20 Eylül 2010 Pazartesi

CAGLIARI VE SARDUNYA ADASI


Denizden şehir merkezinin görüntüsü

5. gün Sardunya Adası’nın başkenti Cagliari’deyiz. Buraya “ne olursa olsun, artık denize gireceğiz” motivasyonuyla ulaştık. Bu seyahatte arsız bir yağmur bulutunu nereye gidersek oraya taşıdık. Bu mevsimde bulut yüzü bile görmeyen sıcak Akdeniz kentleri sık sık yağmurla ıslandı, onlar kadar biz de şaşkına döndük. Evet, hava sıcaktı sıcak olmasına, ama sık sık yağmur bulutlarıyla gölgelendi. İtalya ve Barselona ‘da kısmen yağmur mağduru olduk. Artık Sardunya’dan beklentimiz çok büyük: Yakıcı Akdeniz güneşiyle kavrulmak, sudan çıkmamak niyetindeyiz.

Şaka gibi ama Cagliari’ye de puslu bir havada ulaştık. Sardunya Adası İtalya’ya ait ve Akdeniz’in, Sicilya’dan sonra, 2. büyük adası. Kısmi özerkliği var. Nüfusu 1.700.000 civarında, yani epey kalabalık.

Palma kadar olmasa da, yine de betonu yoğun bir şehir manzarası karşılıyor bizi. Fakat öğrendik: Sadece bir kısım böyle, arka sokaklarda herşeyin orjinal halinde korunduğu eski şehir merkezi olduğunu artık biliyoruz.

Sardunya’da başlı başına bir keşif adası olabilir. Büyük bir ada olduğu için, asıl keyfinin en az birkaç gün kalınarak çıkarılacağı çok belli. Fakat biz de gemi seyahatinin şartlarını çoktan kabullenik. Elimizdeki zamanı en keyifli şekilde geçirecek programları yapmayı da öğrendik zaten.

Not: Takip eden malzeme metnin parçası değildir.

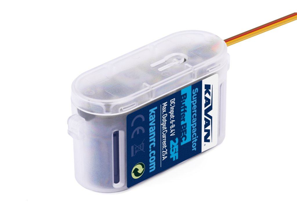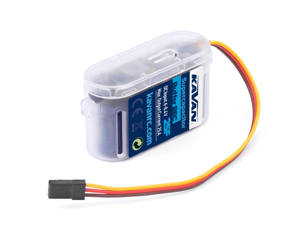 Filtrační superkondenzátor 25 F/6–8,4 V/max. 25 A pro filtrování napájecího napětí palubní elektroniky RC modelů. Kondenzátor s extrémně vysokou kapacitou umožňuje vyrovnávat krátkodobé odběrové špičky, které by jinak způsobily pokles napájecího napětí přijímače (s rizikem jeho vysazení).

Bu sefer hedef doğrudan deniz kıyısı. Fakat hangi plaja gideceğimiz konusunda kafamız karışık. Sardunya’nın denizi, koyları ve plajları meşhur çünkü. İnternette gördüğümüz fotolardan denizinin muhteşem Kaş denizine benzediği sonucunu çıkarmıştık. Zaman sınırı bizi Cagliari’ye en yakın plaj olan Poetto’yu seçmeye zorladı, ama daha güzel koyların olduğunu bildiğimiz için içimiz de sızladı. Poetto adanın en uzun plajıymış. Bu arada hava iyice kapandı, biz yine de umutla bulutların dağılmasını bekliyoruz.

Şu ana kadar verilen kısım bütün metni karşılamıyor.